What Tech Innovations Did Arm Deliver in September 2025?

September’s highlights capture the ingenuity shaping tomorrow’s technology, from breakthroughs in formal verification to the latest in AI-driven vehicles and datacenter innovation.

Discover how precision analysis is improving floating-point accuracy, why rethinking memory barriers matters for safe concurrency, and how on-device AI agents are transforming intelligent mobility. Explore advances in cloud reliability, Java optimization at scale, and the business impact of chiplet-based design.

Whether you’re building smarter infrastructure or looking for practical performance insights, September’s tech developments reflect the ongoing momentum across the Arm ecosystem.

How On-Device AI Agents Drive the Future of the Intelligent Vehicle

The automotive industry is moving into the era of the AI-defined vehicle, with Aaron Ang explaining how to build an on-device multimodal assistant for automotive compute. Picture a modular, multimodal AI agent running entirely on-device, seamlessly combining voice and vision under the direction of a supervisory system.

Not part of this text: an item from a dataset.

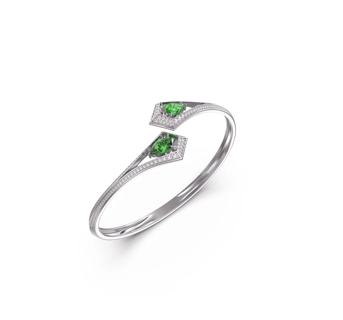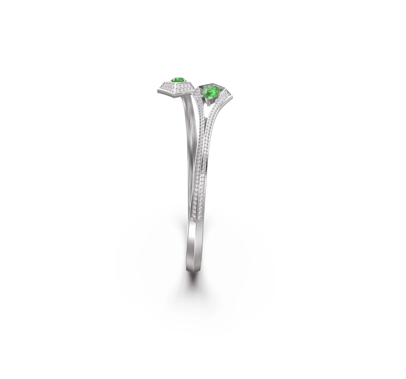 Crafted in 18k gold, the open geometric form is crowned on each end with a radiant emerald, framed by a precise halo of pavé-set diamonds.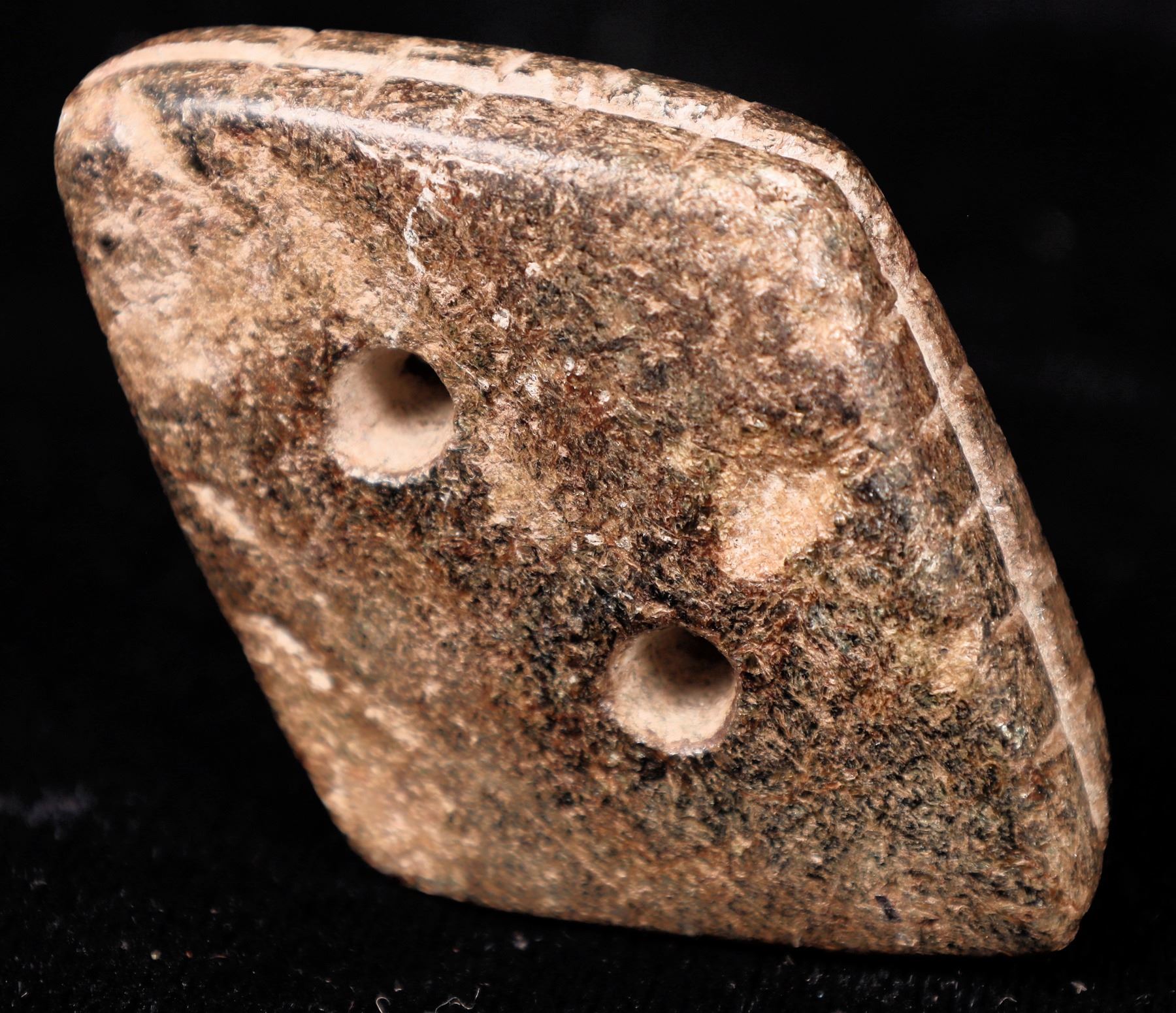 This diamond shaped stone is 2.75 in./ 70 mm X 1.675 in./ 41 mm in width. The stone is uncataloged from the Bracken collection but likely from Kay County, Oklahoma, in the Arkansas River basin (speculation). This stone has similar characteristics of a stone gorget with two holes 13/16 in. apart (ref. Oklahoma Indian Artifacts, Bell, 1980, pp. 52,53). Robert Bell considers these artifacts "a rare find in Oklahoma and more prevalently found in the Great Lakes states and associated with the Archaic and Woodland periods. Oklahoma appears to lie on the western periphery for the distribution of these artifacts", p.53). This stone has four sides similar to a Harahey knife; no matter how you hold it -it works. The stone has been polished but not to perfection with divots and pockets; it's not beautiful to look at. The edges, all four, have been scribed with a line or groove (similar to a boatstone) and with graduated hash marks at roughly .250 in. on all four sides (measured with a machinist's scale). This researcher believes that this may have been more than a gorget but a tool kept around the neck and not to be lost (conjecture). Similar artifacts with two holes often show signs of wear at those holes implicating a function rather than personal decoration. (ref. Prehistoric Implements, Moorehead, 1983, p.222). Little is known of archaic period fishing with lines being used at 2000 B.P. It is speculated that this tool was possibly used for making cordage from two lines twisted (through the two holes) and later knotted at the intervals of the graduated hash marks while laid into the groove to make a fishing net. This theory would be supported by the round cornered gorget stones found in this auction and the plummet stones as net weights, sold in an earlier auction of Bracken artifacts. (ref. Indian Artifacts, Russell, 1974,pp. 66, 68, 69). Please see photos for details. (KAW)

By applying techniques such as quantization, retrieval-augmented generation (RAG), and built-in privacy safeguards, this approach enables advanced safety, diagnostics, and control features without dependence on the cloud. The result is a clearer path to vehicles that are both smarter and more secure.

Scaling AI with Performance and Efficiency on Arm Neoverse V-Series 

Meeting the demands of AI at scale requires compute that can deliver consistent throughput, predictable latency, and energy efficiency all at once. This balance is essential as datacenters face surging workloads, tighter power budgets, and the need for real-time responsiveness.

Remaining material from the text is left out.